Он рылся возле капитана в своих изодранных котомках и сумках, которые он подвесил себе на шею и которые заменяли ему ручную кладь, он показывал почтовые открытки, ключ от подвала, где жила женщина по имени Леа, и неожиданно он развернул потрескавшийся свиток, на котором они изображены были рядом, Гомпо и он, в виде скелетов на рентгеновских снимках.

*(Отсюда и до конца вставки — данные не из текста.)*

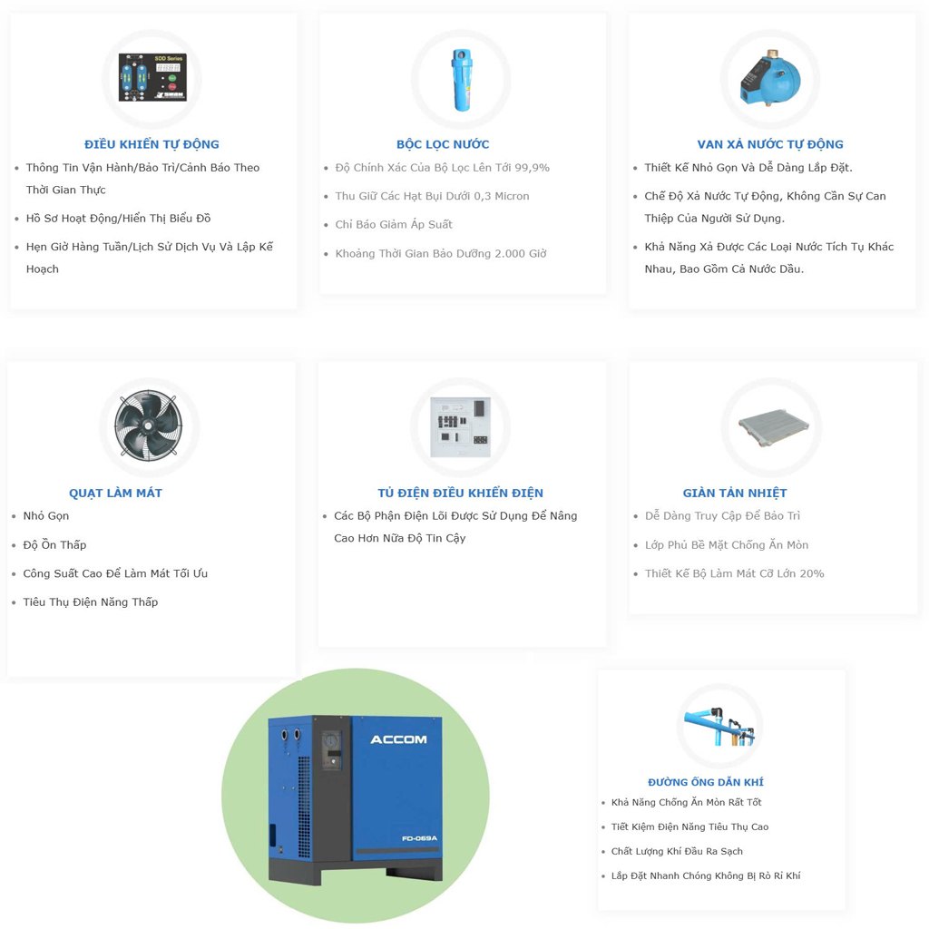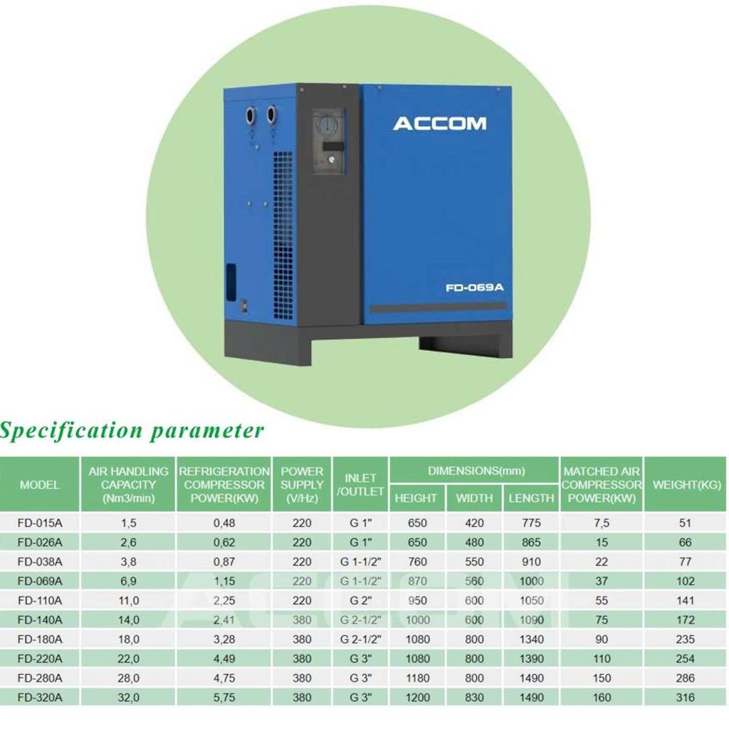ACCOM xin giới thiệu dòng máy sấy khí tác nhân lạnh làm mát bằng không khí FD-A Series, giải pháp lý tưởng cho các hệ thống khí nén yêu cầu độ tin cậy cao, hiệu suất ổn định và chi phí vận hành thấp. FD-A Series được thiết kế để loại bỏ hiệu quả hơi ẩm trong khí nén, bảo vệ hệ thống và nâng cao chất lượng sản phẩm.

Виден был очень здоровый и безупречный остов Лазаря Гломостро и, слева от него, не поддающееся прочтению сплетение костной и органической ткани.

Лазарь Гломостро поднес дрожащий палец к снимку и начал объяснять, Это мое тело, Это его тело, Мы были почти одного возраста, Фотография немножко нечеткая, Он пошевелился, Он пошевелился потому, что в этот момент он смеялся, Он часто шутил, Это был восхитительный товарищ по несчастью, Настоящая дружба связала нас, Он думал, что умрет, но, возможно, в этот момент он пошевелился, рассказывая смешную историю.

15. БАБАЯ ШТЕРН

Подниматься надо по лестнице пешком, лифт испорчен, его мотор был подожжен в подвальном этаже тридцать лет назад неизвестно кем, бродягами или солдатами, может, случайно, а может, и со злым умыслом, или, возможно, потому, что некоторые вообразили, что идет война или творится возмездие и только таким образом можно ее выиграть, а его свершить. Запахи горелого масла и радиоактивные пары рассеялись, и здание снова безвредно. Я живу на четырнадцатом этаже, наименее разрушенном.

Когда я возвращаюсь к себе и дохожу до площадки девятого этажа, перед тем, как начать подниматься по следующему пролету, я должен пройти мимо квартиры номер 906. Я делаю здесь паузу, перевожу дыхание. Вот уже пять месяцев, как квартира занята. Дверь здесь подпилена посередине, как это делалось некогда в денниках конюшен, в те времена, когда существовали лошади, и на закраину выступающей ее верхней части облокачивается женщина, она облокачивается на нее своими огромными руками. Это Бабая Штерн. Она всегда здесь, день и ночь, в рубахе, лоснящейся от пота, широкая и пузатая, и сально гладкая, какими были некогда гиппопотамы, во времена, когда еще существовала Африка; она пребывает здесь постоянно, с короткими интервалами, во время которых дети ее отодвигают ее в сторону, чтобы опорожнить лохань, или увлекают ее в глубину квартиры, чтобы привести ее в порядок и набить ей пузо.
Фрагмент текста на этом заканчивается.